-
Notifications
You must be signed in to change notification settings - Fork 0
Storm programming model
It works on JVM, written in Closure but developers can write their application in many languages including Java, Groovy, Ruby, Python, JavaScript, Perl, PHP. Storm is designed to work with existing queuing and database technologies.
At the highest level, Storm is comprised of topologies. A topology is a graph of computations -- each node contains processing logic and each path between nodes indicates how data should be passed between nodes.
Inside of toplogies you have networks of streams, which are unbounded sequences of tuples. Storm provides a mechanism to transform streams into new streams using spouts and bolts. Spouts generate streams, which can pull data from a site like Twitter or Facebook and then publish it in an abstract format. Bolts consume input streams, process them, and then optionally generate new streams.
A stream can be simple and consumed by a single bolt or it could be complex, require multiple streams, and hence require multiple bolts. A bolt can do most anything, including run functions, filter tuples, perform stream aggregation, join streams, or even execute calls to a database.
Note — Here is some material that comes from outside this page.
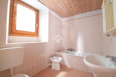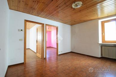 L'ingresso avviene direttamente dal vicolo che dalla farmacia conduce al ponte romano. Un piccolo atrio funge da disimpegno tra il bagno finestrato, il ripostiglio che accoglie la caldaia a metano e la zona giorno con angolo cottura.
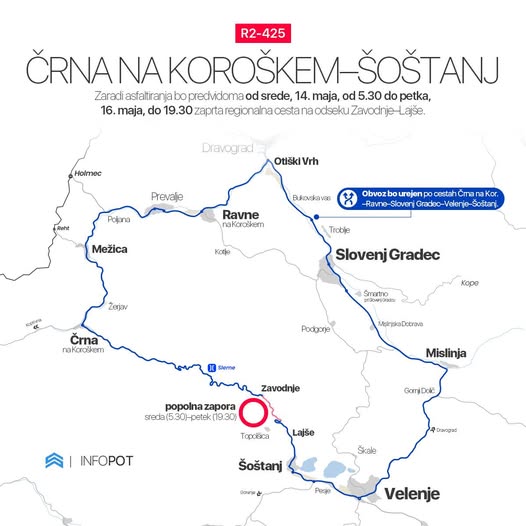 Kot so sporočili na portalu InfoPot, bo zaradi asfaltiranja predvidoma od srede, 14. maja, od 5.30 do petka, 16. maja, do 19.30 zaprta regionalna cesta na odseku Zavodnje–Lajše.

Storm's data model is represented by tuples. A tuple is a named list of values of any type. Storm supports all primitive types, Strings, and byte-arrays and you can build your own serializer if you want to use your own object types. Your spouts will "emit" tuples and your bolts will consume them. Your bolts may also emit tuples if their output is destined to be processed by another bolt downstream. Basically, emitting tuples is the mechanism for passing data from a spout to a bolt, or from a bolt to another bolt.